Collection entries:
◆ ◆ ◆ ◆
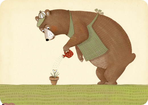 Ein glücklicher Bär, als Gärtner gekleidet, gießt einen Blumentopf mit Krokusse. Illustration von Imke Sönnichsen.
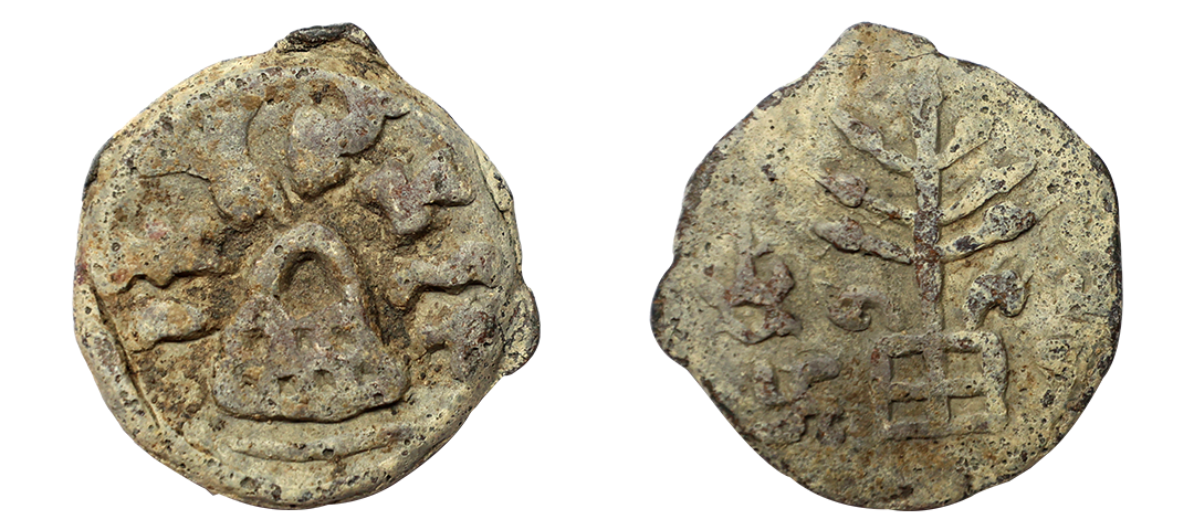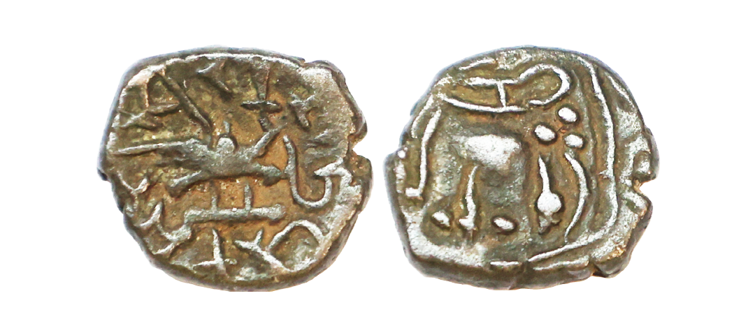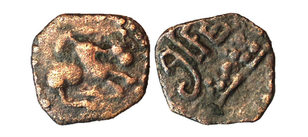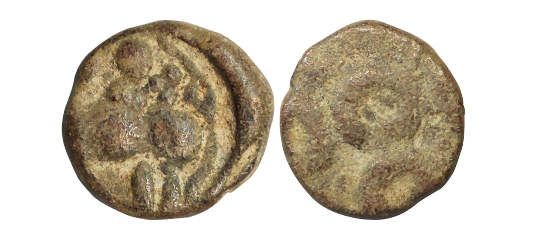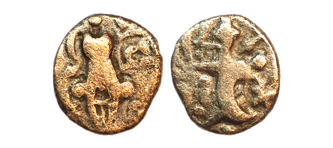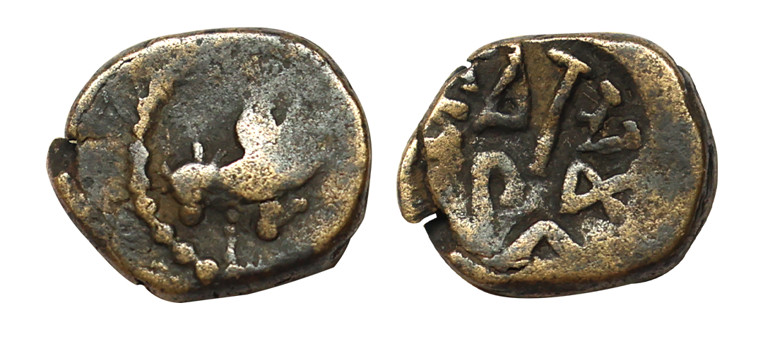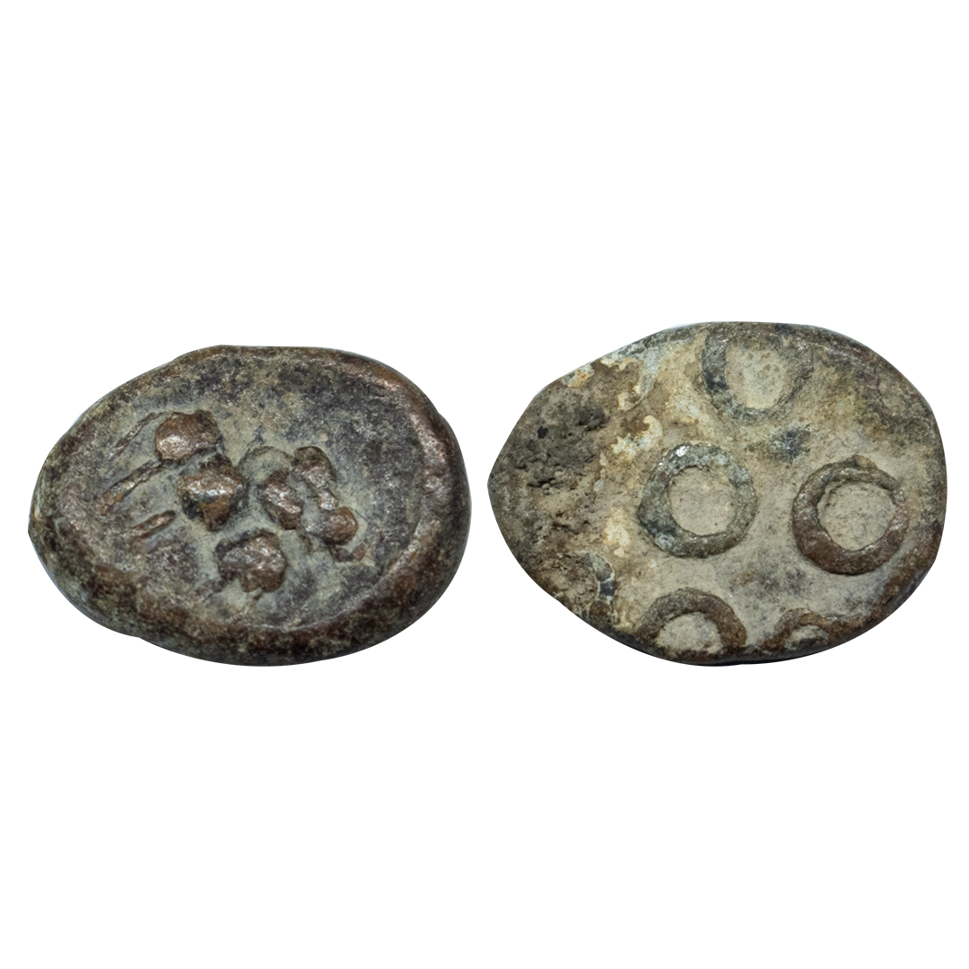 Anandas of Banavasi (300-345 AD), Anonymous Type, Potin Unit, 0.93 gms, traces crude legends with bull to right, Rev. traces distorted bow & arrow with circles, very fine for the type, scarce.
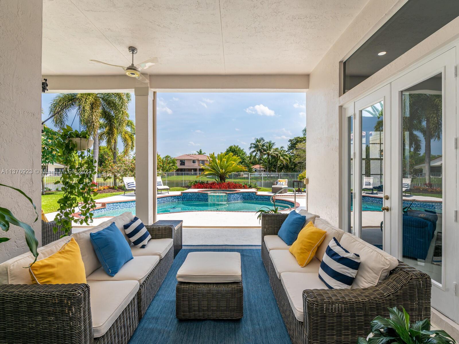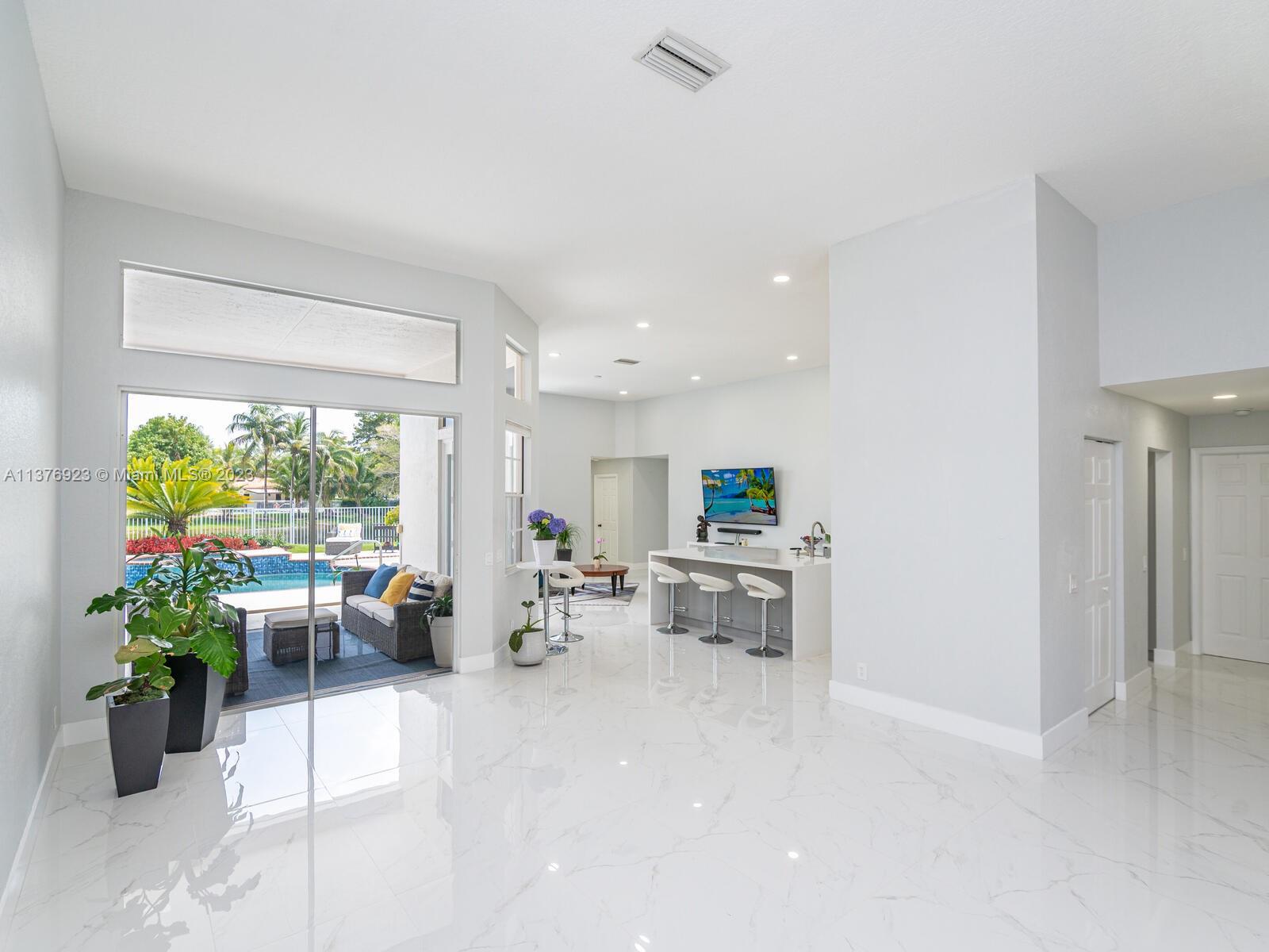 This exquisite, one-story single family home in Weston-Lakes features 4 beds, 3.5 baths, and sits on a cul-de-sac pie-shaped lot, and more than 1/3 Acre of land. This prime location offers a quiet environment, with a long driveway for up to 6 cars. Enjoy the stunning lake view, community pool, kids' playground, and soccer field across the backyard. Recently updated with new plumbing, AC, tankless water heater, kitchen, floors, bathrooms, recess lights, garage and main entrance hurricane doors, freshly painted inside-outside, and stunning landscaping. Accordion hurricane shutters and 2007 roof. Situated near A+ schools, parks, shopping centers and more. Airport and beach only 20-30 min away. Don't miss your chance to own this spectacular home in Weston's most desirable community!
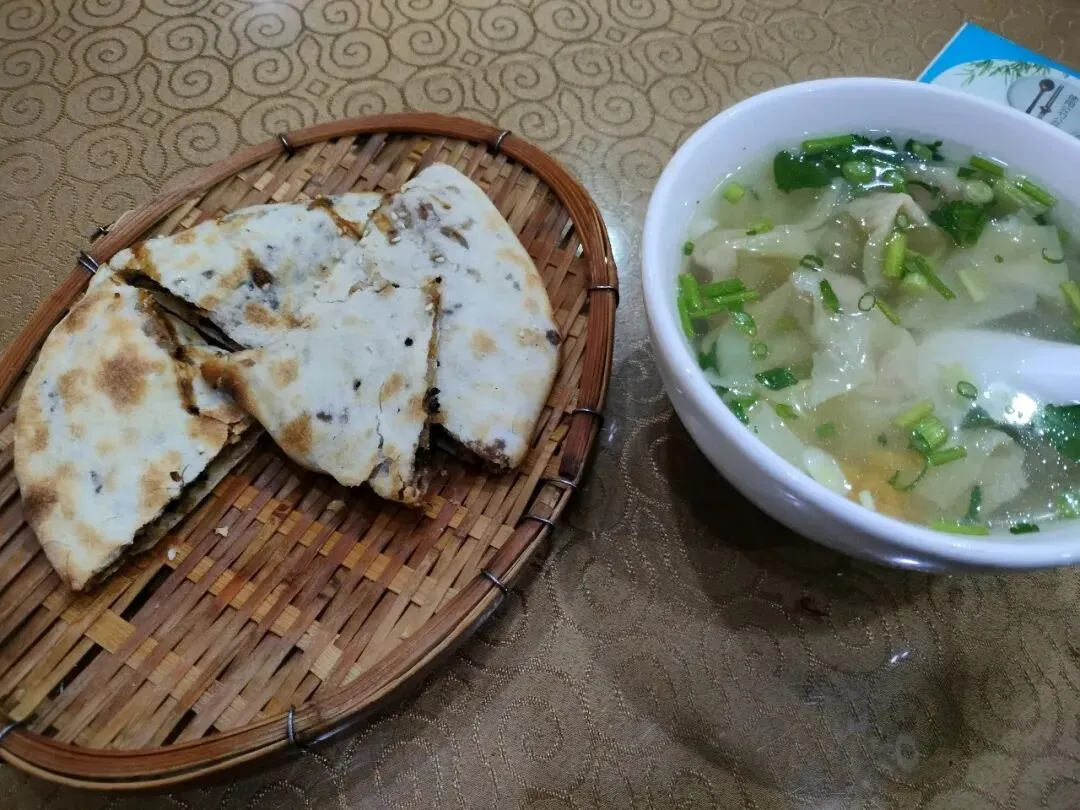 青田最正宗的麦饼在酒店,皮薄肉馅厚。
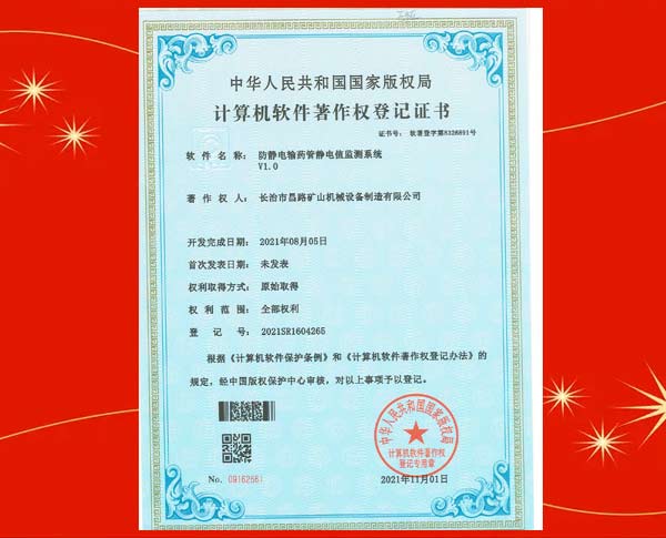 榮獲防靜電輸藥管靜電值監(jiān)測系統(tǒng)著作權登記證書
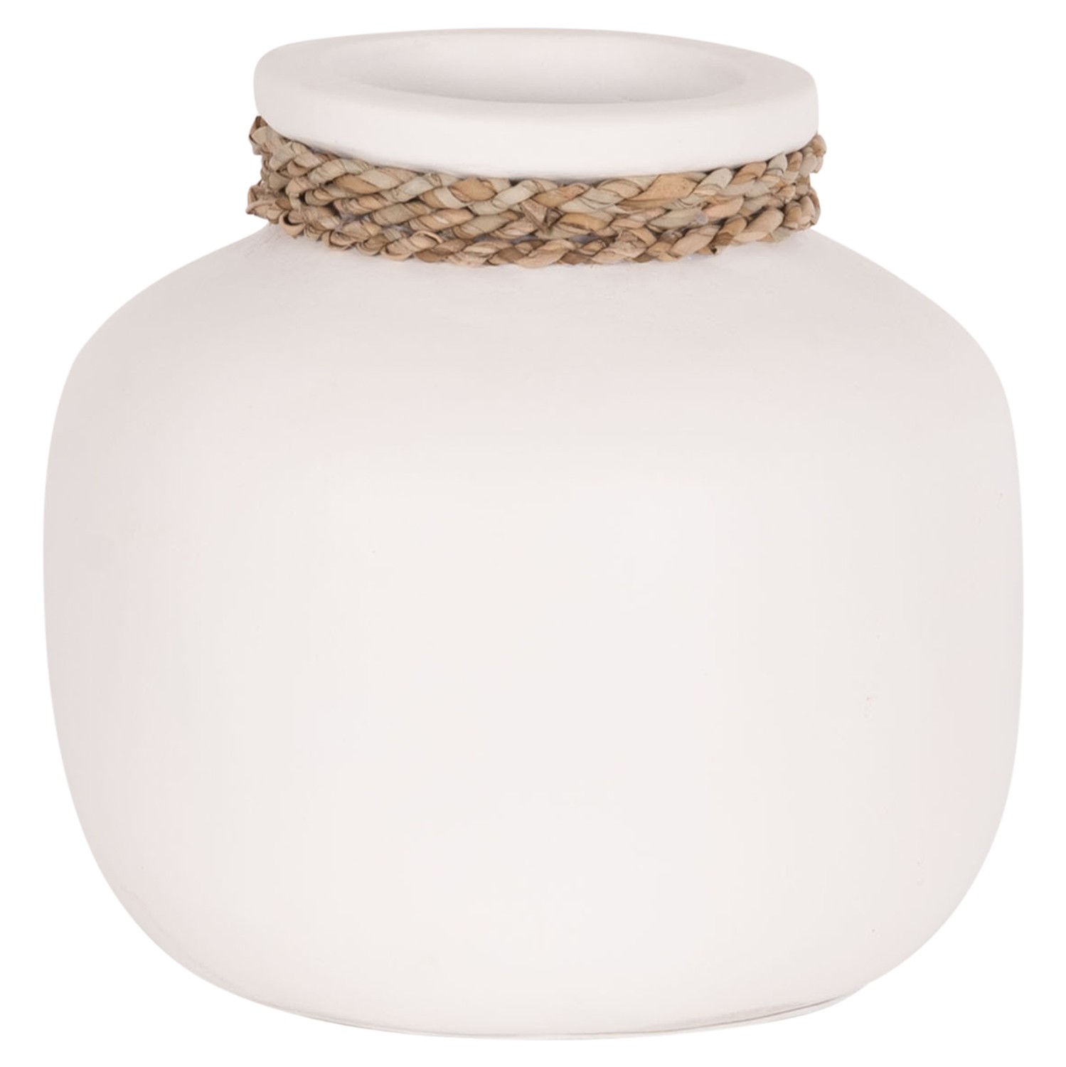 Το επιτραπέζιο χειροποίητο διακοσμητικό βάζο CAMMER είναι κατασκευασμένο εξολοκλήρου από τερακότα σε ΛΕΥΚΟ χρώμα ενώ διαθέτει διακοσμητική πλέξη από seagrass περιμετρικά στον «λαιμό» του βάζου. Ιδανικό για πληθώρα χώρων, τόσο για το σπίτι, όσο και για επαγγελματικούς χώρους.
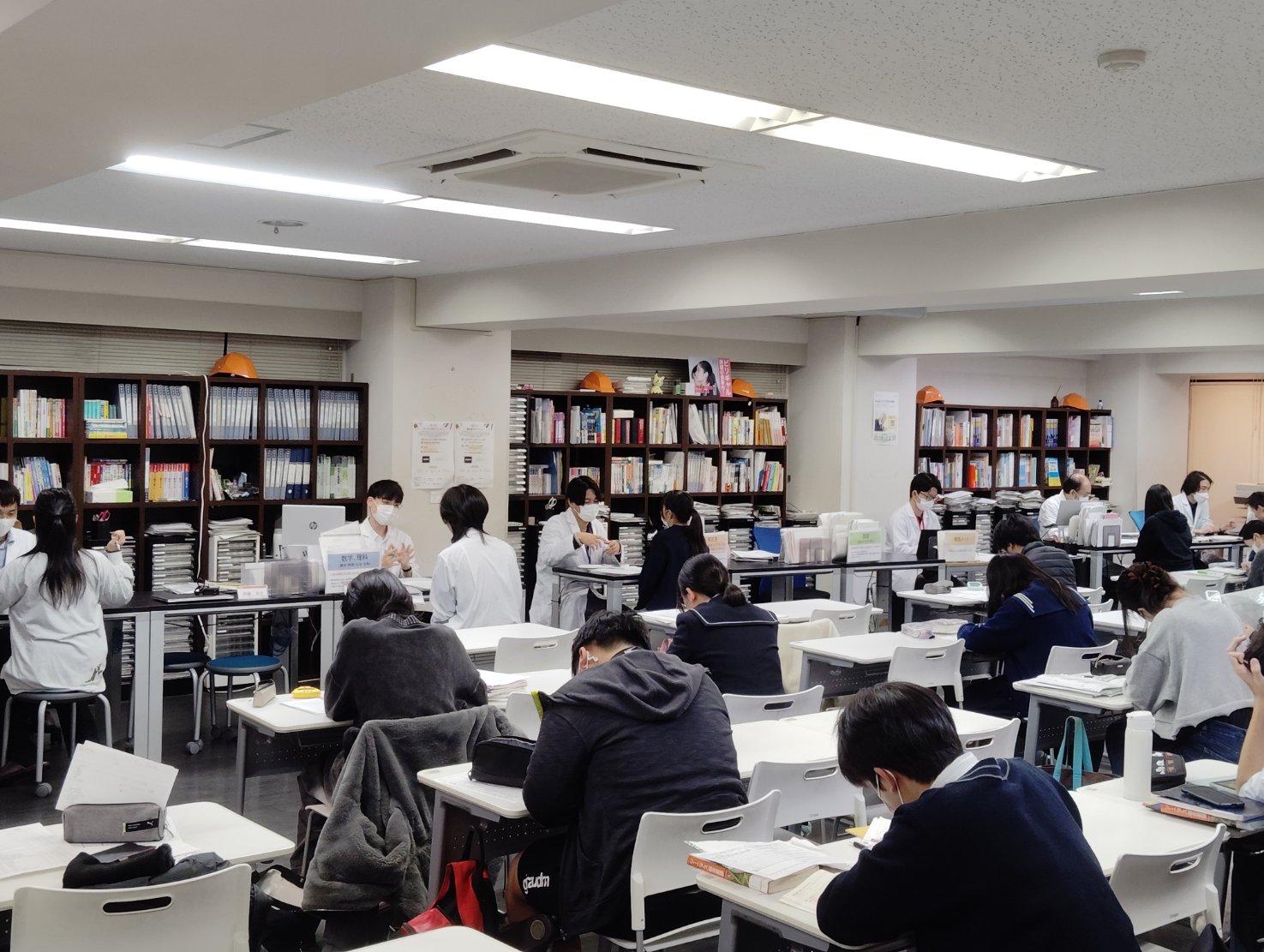 また、子別指導の形式のため、いわゆる「クラス」の形式を取っていません。中学生から高卒生までが同じ教室で、各自の学習計画に合わせて集中して勉強しています。
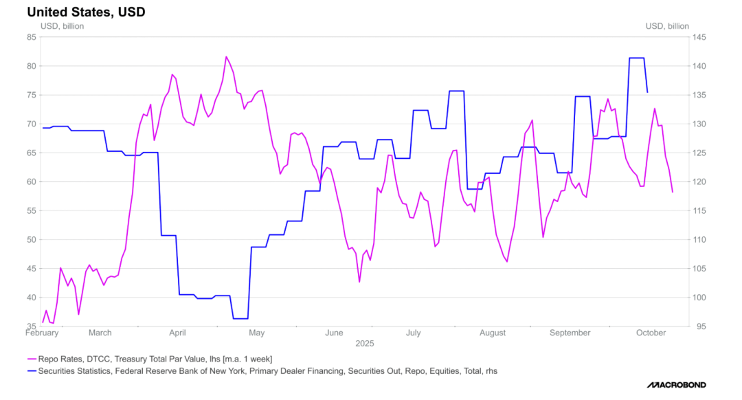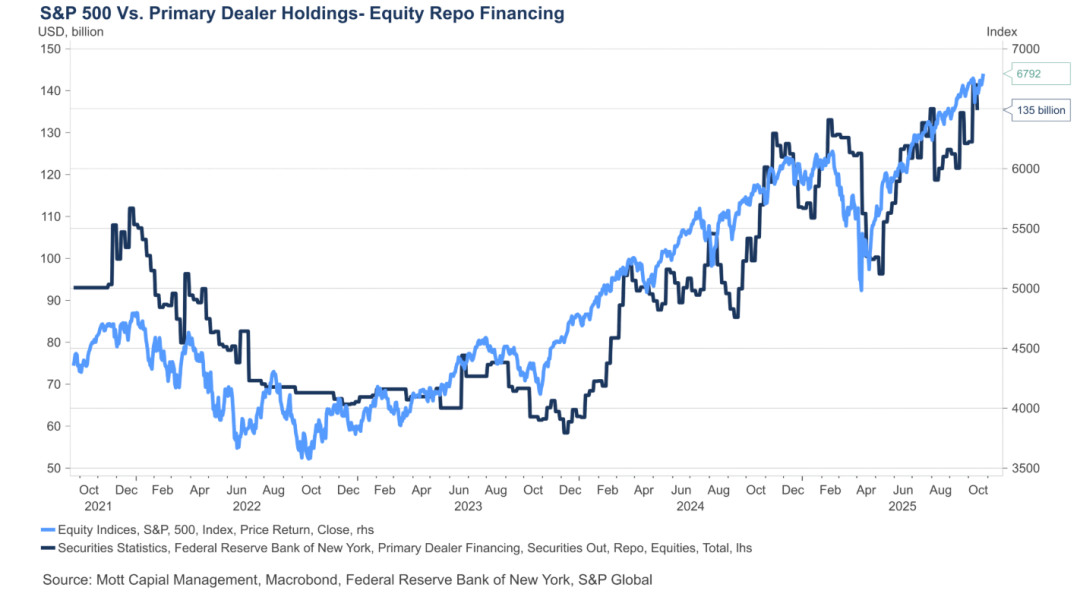 要确定流动性潮起潮落对风险资产价格的潜在影响绝非易事。然而,当更多交易量以国债形式通过回购市场时,股票回购活动往往会减少。
◆ ◆ ◆ ◆
ABOUT THIS TASK: The records above should be returned exactly; no image belongs in the copy.

ANSWER TO THIS PROBLEM:
 Ein glücklicher Bär, als Gärtner gekleidet, gießt einen Blumentopf mit Krokusse. Illustration von Imke Sönnichsen.
 Anandas of Banavasi (300-345 AD), Anonymous Type, Potin Unit, 0.93 gms, traces crude legends with bull to right, Rev. traces distorted bow & arrow with circles, very fine for the type, scarce.
 This exquisite, one-story single family home in Weston-Lakes features 4 beds, 3.5 baths, and sits on a cul-de-sac pie-shaped lot, and more than 1/3 Acre of land. This prime location offers a quiet environment, with a long driveway for up to 6 cars. Enjoy the stunning lake view, community pool, kids' playground, and soccer field across the backyard. Recently updated with new plumbing, AC, tankless water heater, kitchen, floors, bathrooms, recess lights, garage and main entrance hurricane doors, freshly painted inside-outside, and stunning landscaping. Accordion hurricane shutters and 2007 roof. Situated near A+ schools, parks, shopping centers and more. Airport and beach only 20-30 min away. Don't miss your chance to own this spectacular home in Weston's most desirable community!
 青田最正宗的麦饼在酒店,皮薄肉馅厚。
 榮獲防靜電輸藥管靜電值監(jiān)測系統(tǒng)著作權登記證書
 Το επιτραπέζιο χειροποίητο διακοσμητικό βάζο CAMMER είναι κατασκευασμένο εξολοκλήρου από τερακότα σε ΛΕΥΚΟ χρώμα ενώ διαθέτει διακοσμητική πλέξη από seagrass περιμετρικά στον «λαιμό» του βάζου. Ιδανικό για πληθώρα χώρων, τόσο για το σπίτι, όσο και για επαγγελματικούς χώρους.
 また、子別指導の形式のため、いわゆる「クラス」の形式を取っていません。中学生から高卒生までが同じ教室で、各自の学習計画に合わせて集中して勉強しています。
 要确定流动性潮起潮落对风险资产价格的潜在影响绝非易事。然而,当更多交易量以国债形式通过回购市场时,股票回购活动往往会减少。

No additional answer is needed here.